In various implementations, any of the factors are combined to generate the reprojection friendliness metadata. In an example, the factors are associated with scores based on the factor indicating amenability of the scene to reprojection. In an example where the metadata is a flag, the scores are combined (e.g., added, weighted sum, or through any other technique) and tested against a threshold. The result of the test is used to set the flag. In an example where the metadata is a value, the scores are combined (e.g., added, weighted sum, or through any other technique) and the result indicates the degree to which framerate is reduced.
In a second technique for determining whether video content is amenable to reprojection, the framerate adjustment unit 302 analyzes the content of the video frames. In general, this technique attempts to determine how “dynamic” a scene is, where the term “dynamic” refers to the amount of motion from frame to frame. A scene with a large amount of chaotic motion will not be very amenable to reprojection, and a scene with a smaller amount of motion that is more regular, or a scene with no motion, will be more amenable to reprojection. The result of this analysis is reprojection friendliness metadata similar to the reprojection friendliness metadata obtained from the application, except that in this technique, the framerate adjustment unit 302 generates the reprojection friendliness metadata.
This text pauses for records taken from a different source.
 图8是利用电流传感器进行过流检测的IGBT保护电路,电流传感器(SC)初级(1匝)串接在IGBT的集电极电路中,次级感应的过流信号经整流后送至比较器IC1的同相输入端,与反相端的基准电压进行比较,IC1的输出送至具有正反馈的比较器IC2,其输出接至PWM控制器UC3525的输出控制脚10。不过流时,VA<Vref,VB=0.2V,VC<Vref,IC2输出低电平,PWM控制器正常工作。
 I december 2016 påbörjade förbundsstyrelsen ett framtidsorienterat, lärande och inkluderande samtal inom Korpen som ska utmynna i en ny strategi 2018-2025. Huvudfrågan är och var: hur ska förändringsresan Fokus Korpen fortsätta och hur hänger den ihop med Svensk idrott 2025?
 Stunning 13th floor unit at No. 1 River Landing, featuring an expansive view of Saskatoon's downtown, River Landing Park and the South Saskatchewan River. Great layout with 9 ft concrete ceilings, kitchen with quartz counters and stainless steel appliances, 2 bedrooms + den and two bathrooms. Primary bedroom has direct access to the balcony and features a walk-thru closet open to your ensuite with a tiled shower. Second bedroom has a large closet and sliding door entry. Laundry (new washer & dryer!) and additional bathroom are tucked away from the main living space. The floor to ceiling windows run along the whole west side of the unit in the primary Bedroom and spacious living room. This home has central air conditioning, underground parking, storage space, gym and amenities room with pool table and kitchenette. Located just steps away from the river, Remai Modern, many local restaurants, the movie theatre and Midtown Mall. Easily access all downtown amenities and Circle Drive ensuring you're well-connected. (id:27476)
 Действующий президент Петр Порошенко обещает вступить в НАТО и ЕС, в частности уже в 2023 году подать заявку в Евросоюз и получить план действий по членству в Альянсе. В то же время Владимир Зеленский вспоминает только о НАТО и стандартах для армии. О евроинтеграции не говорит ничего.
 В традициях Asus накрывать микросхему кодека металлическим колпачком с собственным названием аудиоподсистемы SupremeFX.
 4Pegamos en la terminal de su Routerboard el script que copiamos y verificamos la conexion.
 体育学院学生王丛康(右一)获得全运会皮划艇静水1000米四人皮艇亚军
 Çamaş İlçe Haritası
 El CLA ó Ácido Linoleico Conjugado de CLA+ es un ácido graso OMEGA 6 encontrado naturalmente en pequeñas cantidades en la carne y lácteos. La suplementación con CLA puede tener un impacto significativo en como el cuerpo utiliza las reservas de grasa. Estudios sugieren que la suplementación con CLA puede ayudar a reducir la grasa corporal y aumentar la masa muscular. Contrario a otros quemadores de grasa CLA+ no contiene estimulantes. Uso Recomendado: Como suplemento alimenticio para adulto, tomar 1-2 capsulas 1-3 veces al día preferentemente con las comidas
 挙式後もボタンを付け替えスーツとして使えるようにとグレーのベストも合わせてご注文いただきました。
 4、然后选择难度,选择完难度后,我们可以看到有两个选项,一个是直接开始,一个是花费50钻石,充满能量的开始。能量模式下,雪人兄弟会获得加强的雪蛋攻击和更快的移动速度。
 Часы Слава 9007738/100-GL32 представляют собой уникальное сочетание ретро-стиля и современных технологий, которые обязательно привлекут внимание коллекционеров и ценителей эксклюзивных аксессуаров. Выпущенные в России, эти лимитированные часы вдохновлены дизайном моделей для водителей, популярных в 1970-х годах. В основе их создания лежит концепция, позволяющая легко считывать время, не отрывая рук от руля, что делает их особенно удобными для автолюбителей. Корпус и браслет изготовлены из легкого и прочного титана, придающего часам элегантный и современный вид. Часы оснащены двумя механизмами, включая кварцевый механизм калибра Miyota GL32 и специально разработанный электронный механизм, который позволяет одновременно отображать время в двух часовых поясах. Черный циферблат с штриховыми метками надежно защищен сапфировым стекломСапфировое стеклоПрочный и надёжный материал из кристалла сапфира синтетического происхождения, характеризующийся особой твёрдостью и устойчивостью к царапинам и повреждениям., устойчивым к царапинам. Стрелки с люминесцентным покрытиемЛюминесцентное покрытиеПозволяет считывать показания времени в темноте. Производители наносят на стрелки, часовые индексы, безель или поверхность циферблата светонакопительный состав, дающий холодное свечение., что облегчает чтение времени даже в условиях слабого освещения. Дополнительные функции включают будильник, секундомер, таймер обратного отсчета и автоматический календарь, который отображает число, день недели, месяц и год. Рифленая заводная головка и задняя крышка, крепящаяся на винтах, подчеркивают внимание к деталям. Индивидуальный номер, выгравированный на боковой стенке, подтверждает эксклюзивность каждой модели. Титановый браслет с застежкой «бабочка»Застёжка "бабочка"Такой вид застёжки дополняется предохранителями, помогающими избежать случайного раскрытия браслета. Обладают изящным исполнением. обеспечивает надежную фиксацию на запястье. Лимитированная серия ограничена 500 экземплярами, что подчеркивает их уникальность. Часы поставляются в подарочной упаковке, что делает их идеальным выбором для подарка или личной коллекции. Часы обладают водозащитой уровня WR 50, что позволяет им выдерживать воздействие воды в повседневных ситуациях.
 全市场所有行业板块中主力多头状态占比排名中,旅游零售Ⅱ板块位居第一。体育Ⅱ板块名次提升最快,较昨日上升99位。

Some example operations by which the framerate adjustment unit 302 generates reprojection friendliness metadata are now described. The framerate adjustment unit 302 obtains motion vector data from the encoder 140 or obtains motion information independently of the motion vector data generated in the course of. Motion vectors are vectors that indicate, for each spatial subdivision (i.e., block) of an image, a direction and spatial displacement of a different spatial subdivision that includes similar pixels. In an example, in one frame, a spatial subdivision is assigned a motion vector indicating the position of a block of pixels that is sufficiently similar to the pixels in the spatial subdivision. A single frame includes a large number of motion vectors. In this operation, the framerate adjustment unit 302 derives the reprojection friendliness metadata from the motion vectors. In one example, the framerate adjustment unit 302 generates the metadata based on the degree of diversion of the motion vectors. Diversion of the motion vectors means the difference in magnitude, direction, or both, in the motion vectors. The diversion is calculated in any technically feasible manner. In an example, a statistical measure of one or both of the magnitude or direction, such as standard deviation, is taken. The framerate adjustment unit 302 sets the value of the reprojection friendliness metadata to a value associated with the statistical measure. In an example where the reprojection friendliness metadata is a flag, if the statistical measure is above (or below) a threshold, then the framerate adjustment unit 302 sets the friendliness metadata to indicate that the content is not (or is) amenable to being reprojected. In an example where the reprojection friendliness metadata is a value that can vary and that indicates the degree to which the framerate can be reduced, the framerate adjustment unit 302 sets the friendliness metadata to a value that is based on (such as inversely proportional to or proportional to) the statistical measure.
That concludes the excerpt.